▸ **INSTRUCTIONS FOR THE TASK**
For the entries that follow, produce an exact copy with no pictures in it.

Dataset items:
________________
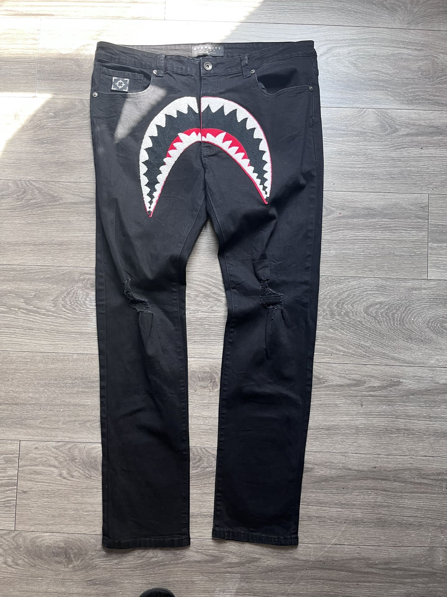 Eternity Jeans BC/AD Mens Black Dark Wash Distressed Straight Leg Size 38
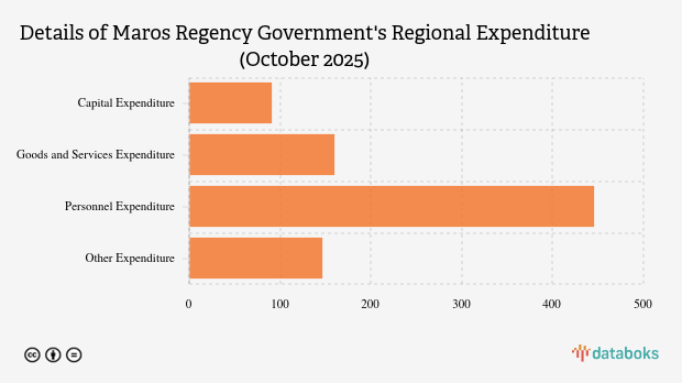 During the period of January 2025 to October 2025, the realization of Maros Regency Government's Regional Expenditure was Rp843.03 billion, equivalent to 50.93% of the 2025 Regional Expenditure budget.
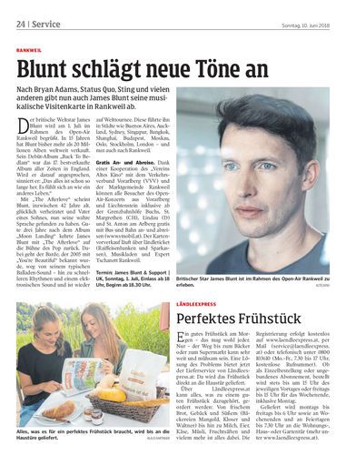 Britischer Star James Blunt ist im Rahmen des Open-Air Rankweil zu erleben. Altes Kino
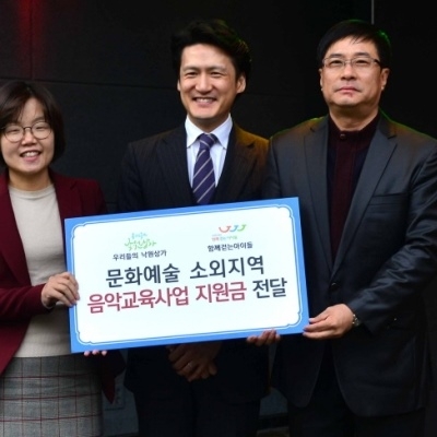 29일 오후 낙원악기상가 4층 아트라운지 멋진하늘에서는 피아니스트 조재혁의 렉처 콘서트 ‘클래식 파라다이스’가 끝난 뒤 ‘문화예술 소외지역 음악교육사업 지원금’ 전달식이 진행됐다.
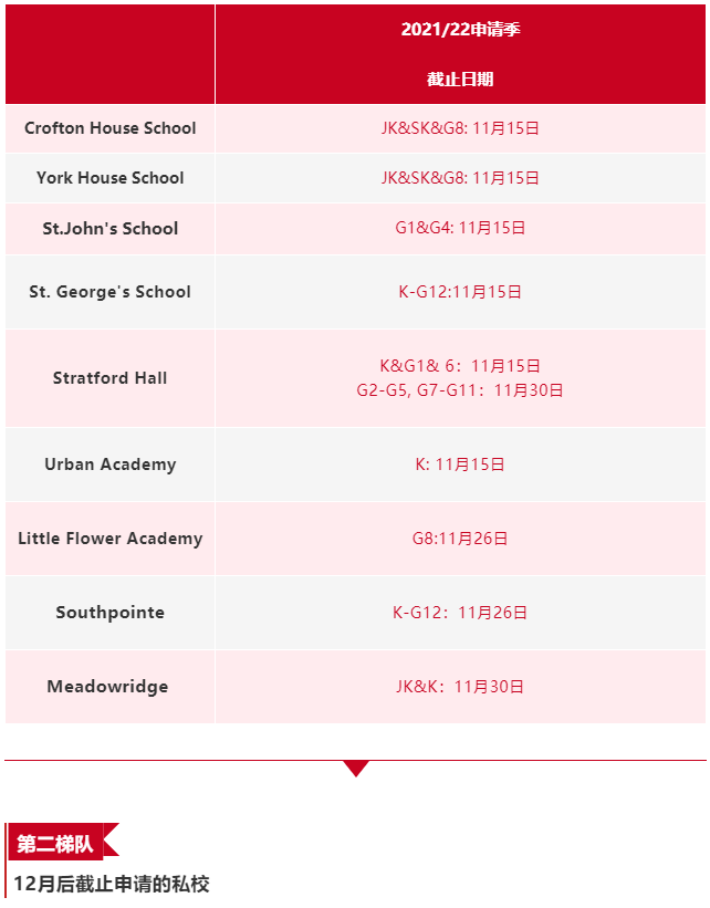 2021-22申请季的第一批私校截止日已经到来,包括St John’s School(JK&K),Southridge(K),West Point Grey Academy(K-G12), 已经在11月1日截止报名。仍计划在今年申请私校的家长需要格外留意目标院校的申请截止日,以免错失机会。为此,KEY特别为各位家长整理了目前仍然开放申请私校的截止日期。
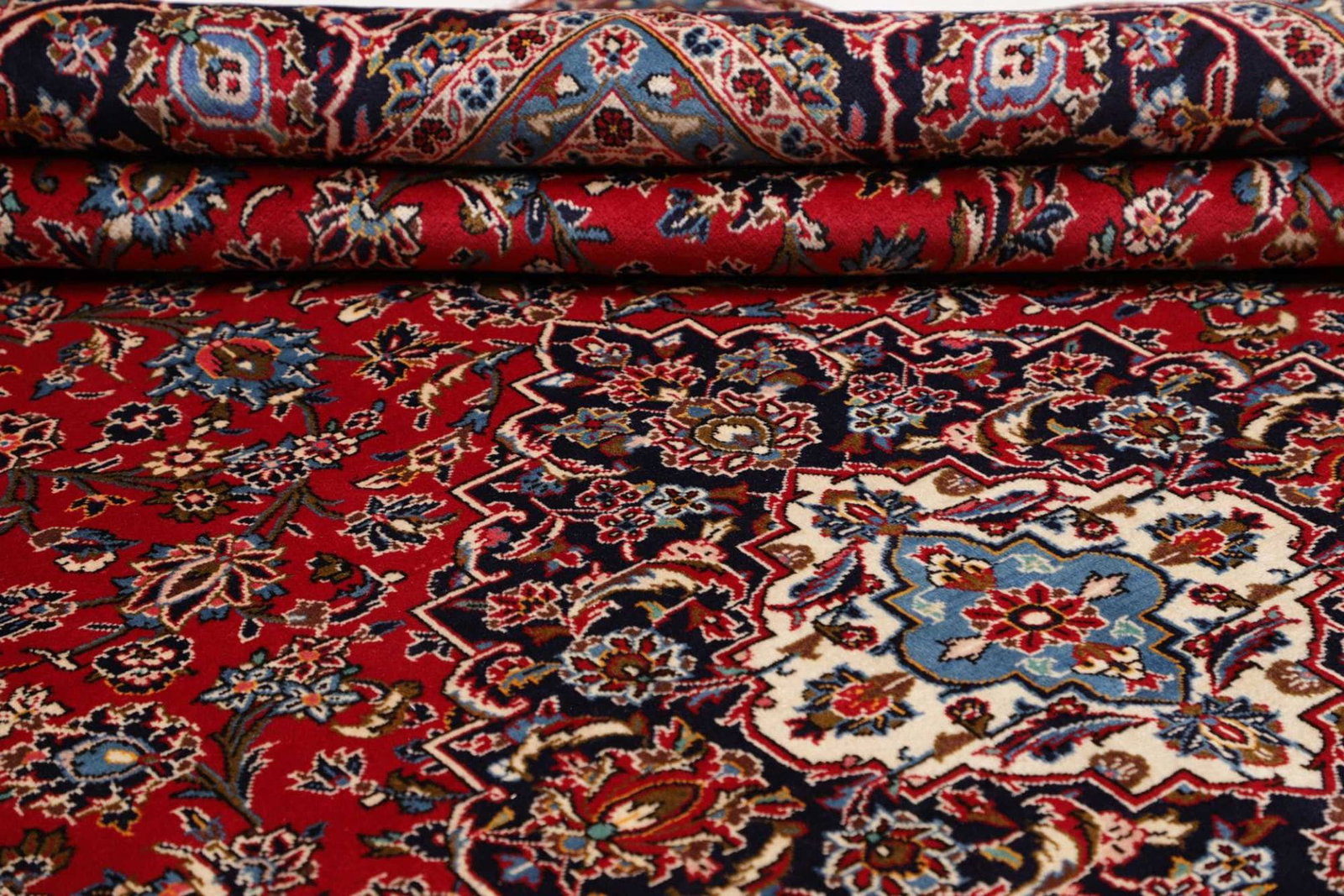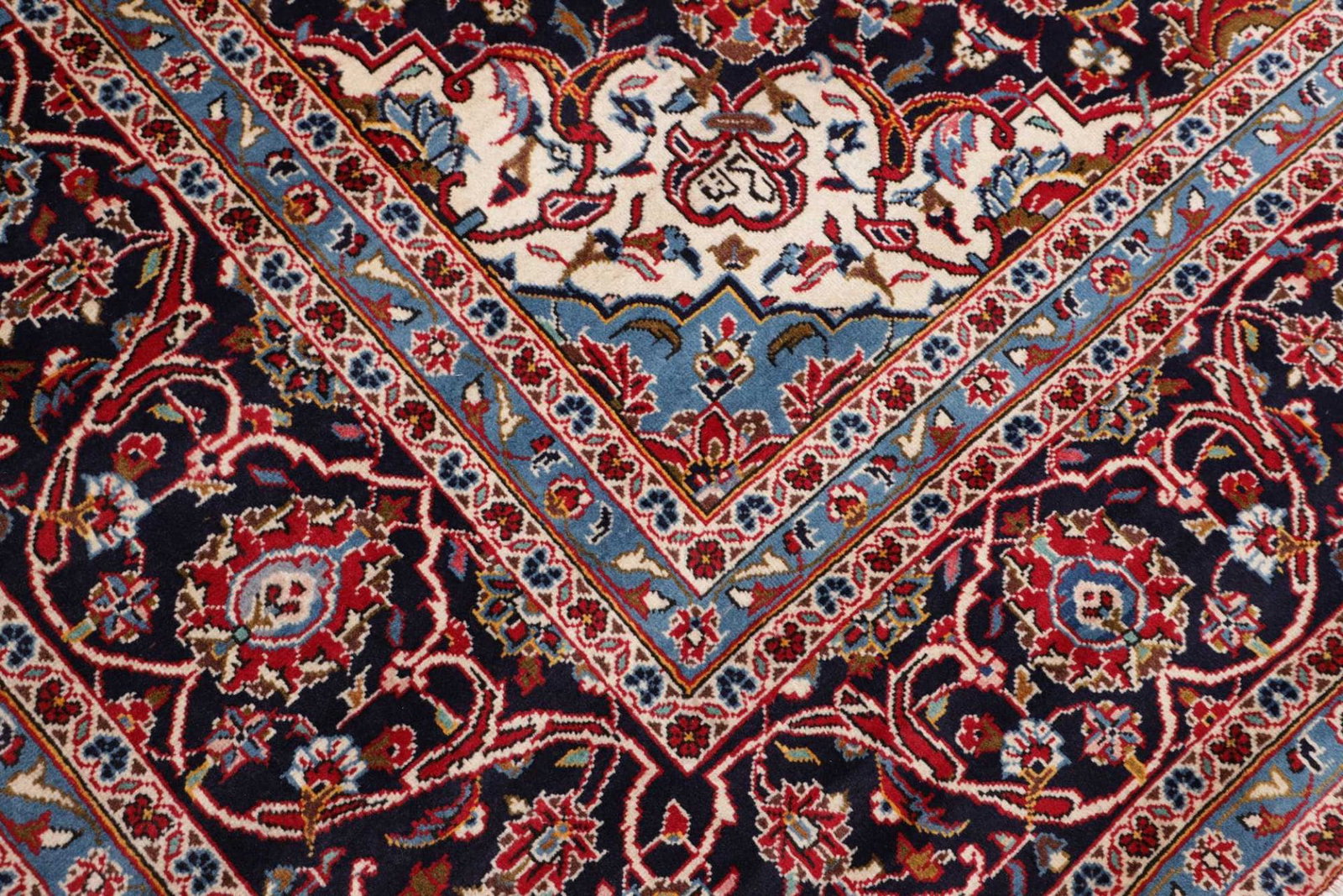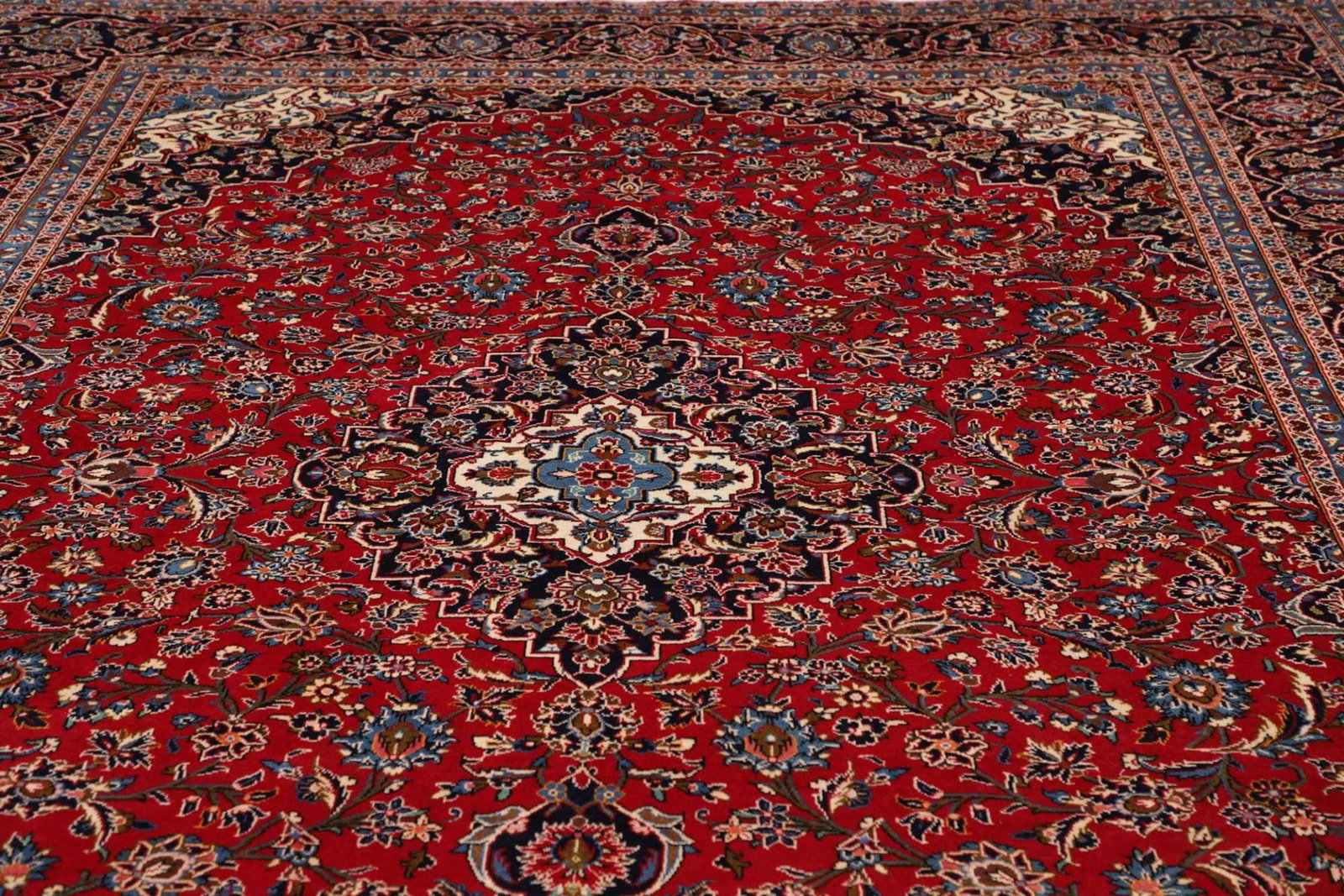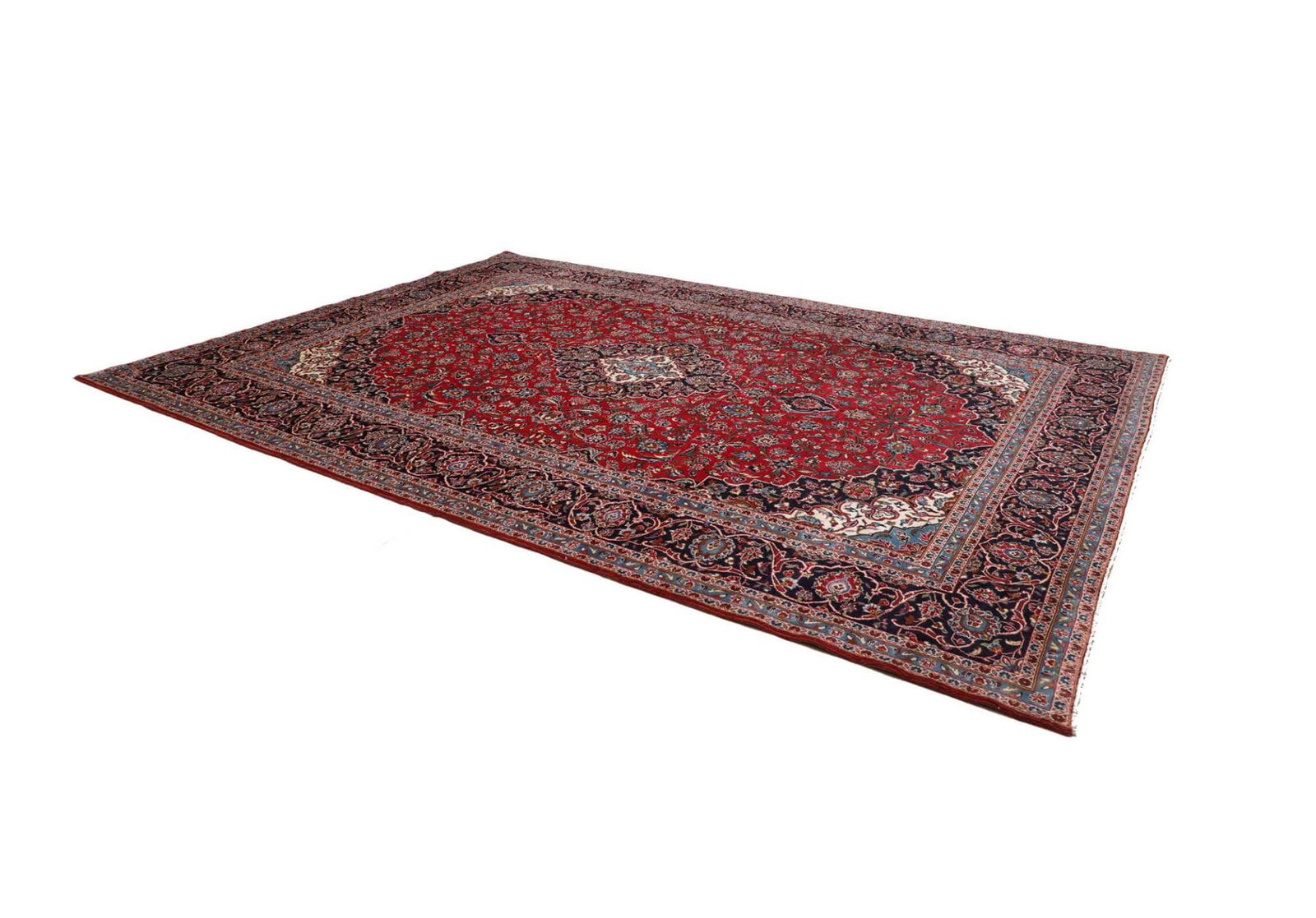 Kashan Teppich | Größe: 293 x 403 cm | Knotendichte: ca. 200.000 Knoten/m² | Flor: 100% Schurwolle | Kette: 100% Baumwolle | Verarbeitung: Handgeknüpft | Herkunft: Iran | Zustand: Sehr gut
________________
▸ **SOLUTION TO THIS EXERCISE**
 Eternity Jeans BC/AD Mens Black Dark Wash Distressed Straight Leg Size 38
 During the period of January 2025 to October 2025, the realization of Maros Regency Government's Regional Expenditure was Rp843.03 billion, equivalent to 50.93% of the 2025 Regional Expenditure budget.
 Britischer Star James Blunt ist im Rahmen des Open-Air Rankweil zu erleben. Altes Kino
 29일 오후 낙원악기상가 4층 아트라운지 멋진하늘에서는 피아니스트 조재혁의 렉처 콘서트 ‘클래식 파라다이스’가 끝난 뒤 ‘문화예술 소외지역 음악교육사업 지원금’ 전달식이 진행됐다.
 2021-22申请季的第一批私校截止日已经到来,包括St John’s School(JK&K),Southridge(K),West Point Grey Academy(K-G12), 已经在11月1日截止报名。仍计划在今年申请私校的家长需要格外留意目标院校的申请截止日,以免错失机会。为此,KEY特别为各位家长整理了目前仍然开放申请私校的截止日期。
 Kashan Teppich | Größe: 293 x 403 cm | Knotendichte: ca. 200.000 Knoten/m² | Flor: 100% Schurwolle | Kette: 100% Baumwolle | Verarbeitung: Handgeknüpft | Herkunft: Iran | Zustand: Sehr gut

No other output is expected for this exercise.